To address this problem, we have developed a principled framework for time-causal spatio-temporal receptive fields to be used as primitives for video analysis in a corresponding way spatial receptive fields based on Gaussian derivatives are used as primitives for spatial tasks in computer vision:

  • Lindeberg (2016) "Time-causal and time-recursive spatio-temporal receptive fields", Journal of Mathematical Imaging and Vision 55(1): 50-88. (Download PDF)
  • Lindeberg (2015) "Separable time-causal and time-recursive spatio-temporal receptive fields", Proc. SSVM2015: Scale-Space and Variational Methods in Computer Vision, (Lege-Cap Ferret, France), Springer LNCS 9087: 90-102. (Download PDF)
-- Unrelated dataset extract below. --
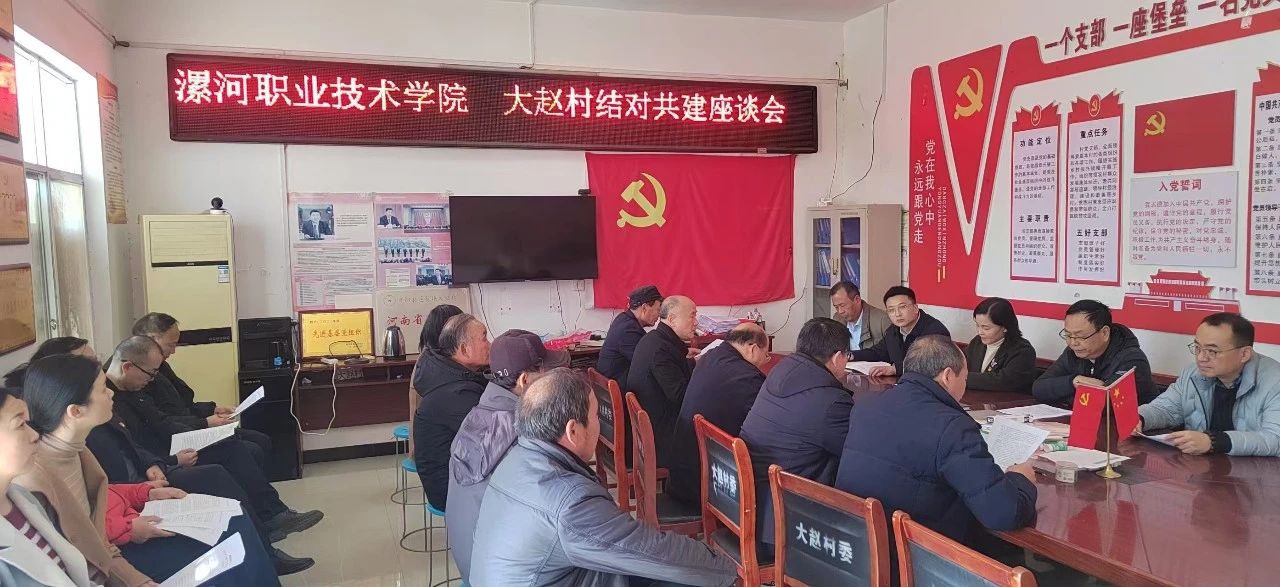 近日,漯河职业技术学院教务处党支部组织党员教师前往舞阳县莲花镇大赵村召开结对共建座谈会并看望慰问驻村干部和困难群众。漯河职业技术学院党委委员、副院长朱晓红,舞阳县莲花镇党委副书记、镇长于龙出席会议。漯河职业技术学院派驻大赵村第一书记、驻村队员及大赵村“两委”和监委会干部参加会议。

The temporal smoothing operation in this framework is based on a temporal kernel called the time-causal limit kernel, which permits scale covariance and scale invariance in a time-causal and time-recursive setting, and which is a novel theoretical construction. The temporal processing stage in this model is also time-recursive, with the attractive property that the temporal multi-scale representation by itself serves as a sufficient memory of the past, without need for additional temporal buffering, such as a video recording of the past.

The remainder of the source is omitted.